В ноябре 1932 года Л. Сейфуллина побывала в Свердловске. Она выступала на стройках ГоспромУрала, в клубах Профинтерн, Деловом клубе строителей. Ее выступления предварял В. Правдухин докладом о творчестве писательницы.

После 20 ноября она была в Челябинске, а затем состоялись встречи с магнитогорцами. Здесь она ознакомилась с историей литературного движения на Магнитострое, отметила огромный рост творческих сил, особо подчеркнула большую положительную роль товарищеской критики литературных произведений авторов, работающих здесь, и выразила сожаление, что оргкомитет охватил не все творческие силы Магнитостроя, не развернул как следует работу по призыву рабочих-ударников в литературу.

Л. Сейфуллина ознакомилась со стихами Б. Ручьева, М. Люгарина, высказала пожелание о том, чтобы магнитогорские писатели уделяли больше внимания созданию хороших пьес. Много позднее Л. Сейфуллина, следя за уральскими молодыми авторами, горячо поддерживала прозаика С. Мелешина.

В годы Великой Отечественной войны, несмотря на свою болезнь, Л. Сейфуллина не могла стоять в стороне от происходящих событий. Она отказалась от эвакуации в тыл и добилась выезда в действующую армию. Сохранилось заявление Лидии Николаевны в управление милиции г. Москвы от 29 октября 1943 года с просьбой разрешить ей, члену президиума Союза советских писателей СССР, выехать на фронт в подшефную 39-ю армию генерал-лейтенанта Берзарина Николая Эрастовича. Это была ее очередная поездка к фронтовикам. Впервые Сейфуллина в действующей армии была в 1942 году.

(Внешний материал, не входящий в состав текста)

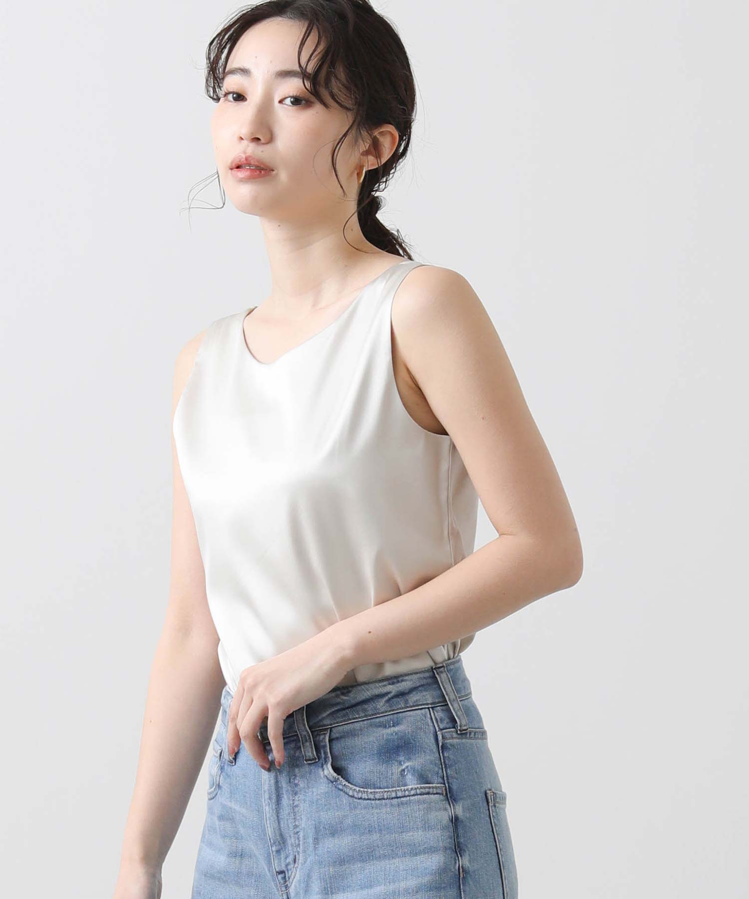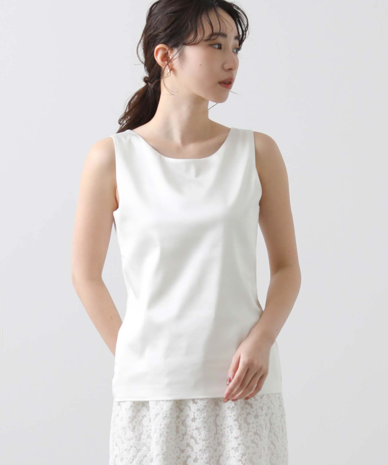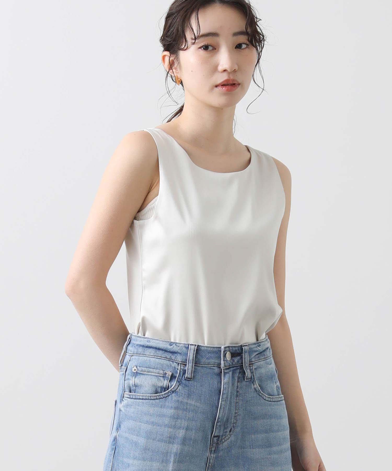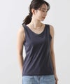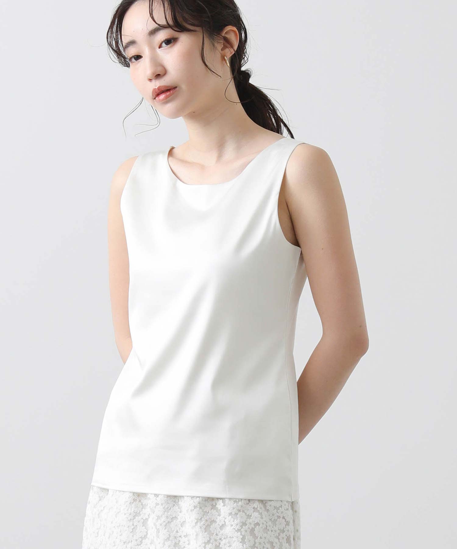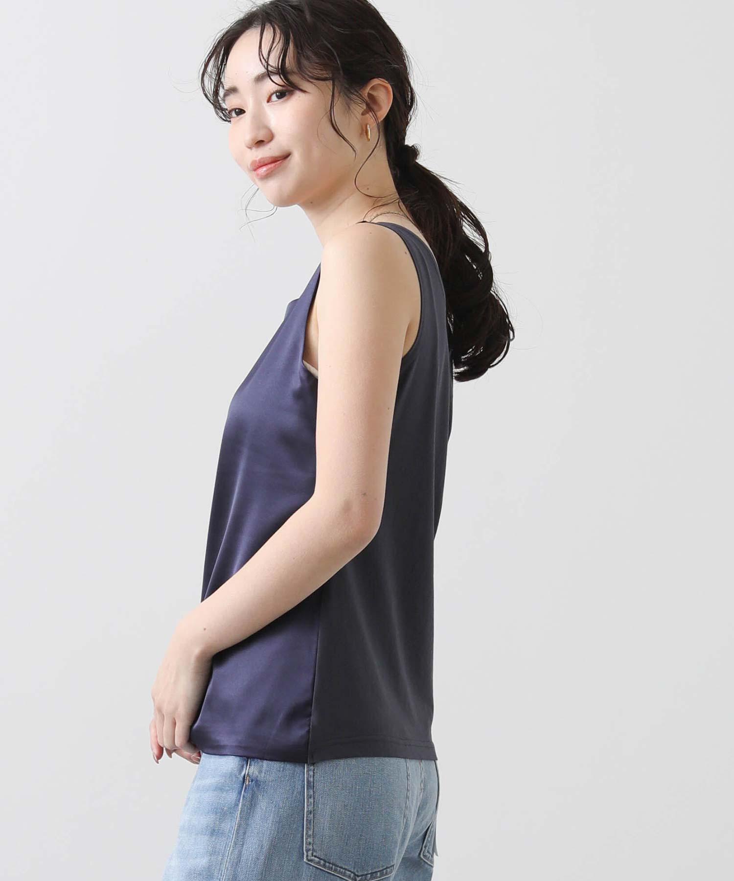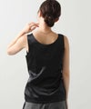 洗練された光沢感と機能性を兼ね備えた大人の女性のためのタンクトップ。 程よい艶感のあるストレッチサテン素材を使用し、女性らしい印象を演出しながらも動きやすさをしっかり確保。
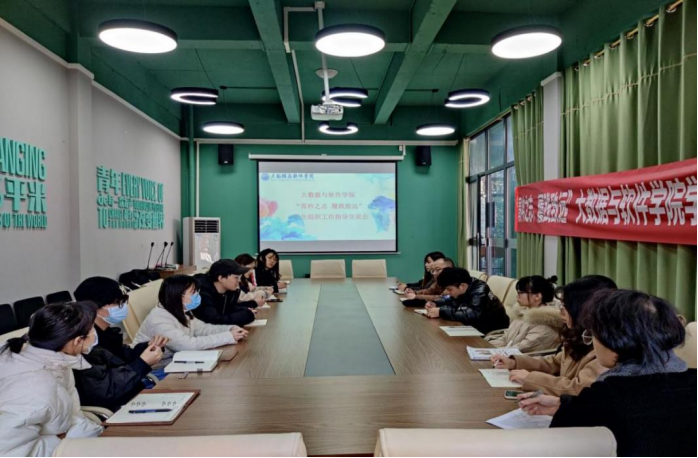 临近期末,为加强团总支各部门交流协作,交流总结学期工作经验,为未来工作答疑解惑指明方向,进一步推动大数据与软件学院团总支团学工作建设,同时引导大家树立正确的工作态度,以积极的心态参与到各项工作当中,大数据与软件学院于2021年12月2日中午12:10在花果书院201大型会议室召开了“青衿之志,履践致远”大数据与软件学院团总支工作指导交流会,出席本次会议的嘉宾有团总支书记马喆老师以及指导老师吴素虹老师。

По Всесоюзному радио передавались ее материалы о героизме солдат и офицеров, в газетах печатались очерки и корреспонденции. Журналистская активная деятельность по заслугам была оценена командованием армии. В День Советской Армии в 1943 году ее наградили гвардейским значком. Этим значком Лидия Николаевна очень гордилась и, когда шла на какое-либо выступление или официальный вечер, — как утверждала ее сестра З. Сейфуллина, то всегда прикалывала его рядом с орденом Трудового Красного Знамени.

«Поедем, Ясынька...»

Прочитана стопка неопубликованных писем Лидии Николаевны к Ларисе Михайловне Рейснер, которой в мае 1985 года исполнилось бы 90 лет.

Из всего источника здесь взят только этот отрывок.